Eyesight, hearing, hand-eye coordination. Comprehension and reaction time testing..... Dickheads think they can beat the train. Sometimes they can, sometimes the train beats them.
Nice, well framed, steady videos! Great catch! Why not show EMS and fire arriving, if called, and how long the response took? You (we) are allowed to get closer as long as not trespassing.
Just a comment from the UK, do you think that the length of your trains might have something to do with it? Mind you, over here our trains are about a tenth of yours and we STILL get idiots crossing, or trying to cross, in front of them.
Train length is independent of getting hit by one! Sure the stopping distance is much longer, but it doesn't mean North American Roads will pick off more traffic.

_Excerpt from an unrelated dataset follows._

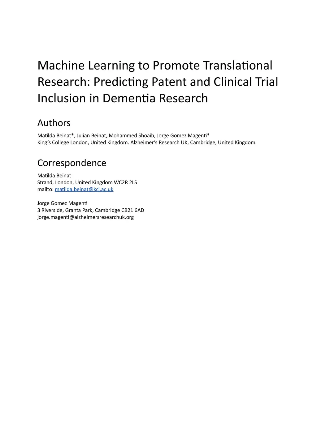 Projected to impact 1.6 million people in the UK by 2040 and costing {\pounds}25 billion annually, dementia presents a growing challenge to society. This study, a pioneering effort to predict the translational potential of dementia research using machine learning, hopes to address the slow translation of fundamental discoveries into practical applications despite dementia's significant societal and economic impact. We used the Dimensions database to extract data from 43,091 UK dementia research publications between the years 1990-2023, specifically metadata (authors, publication year etc.), concepts mentioned in the paper, and the paper abstract. To prepare the data for machine learning we applied methods such as one hot encoding and/or word embeddings. We trained a CatBoost Classifier to predict if a publication will be cited in a future patent or clinical trial. We trained several model variations. The model combining metadata, concept, and abstract embeddings yielded the highest performance: for patent predictions, an Area Under the Receiver Operating Characteristic Curve (AUROC) of 0.84 and 77.17% accuracy; for clinical trial predictions, an AUROC of 0.81 and 75.11% accuracy. The results demonstrate that integrating machine learning within current research methodologies can uncover overlooked publications, expediting the identification of promising research and potentially transforming dementia research by predicting real-world impact and guiding translational strategies.

Thanks for your reply but I'm afraid I wasn't very clear in my comment. What I was trying to say was that because your trains are usually so long, impatient drivers might be inclined to risk crossing in front of them so as not to have to wait.
I see what you're saying now. Probably, at least to some extent. Obviously a few minutes is never worth a life or a trip to the hospital, but that's what happens in human nature, I guess.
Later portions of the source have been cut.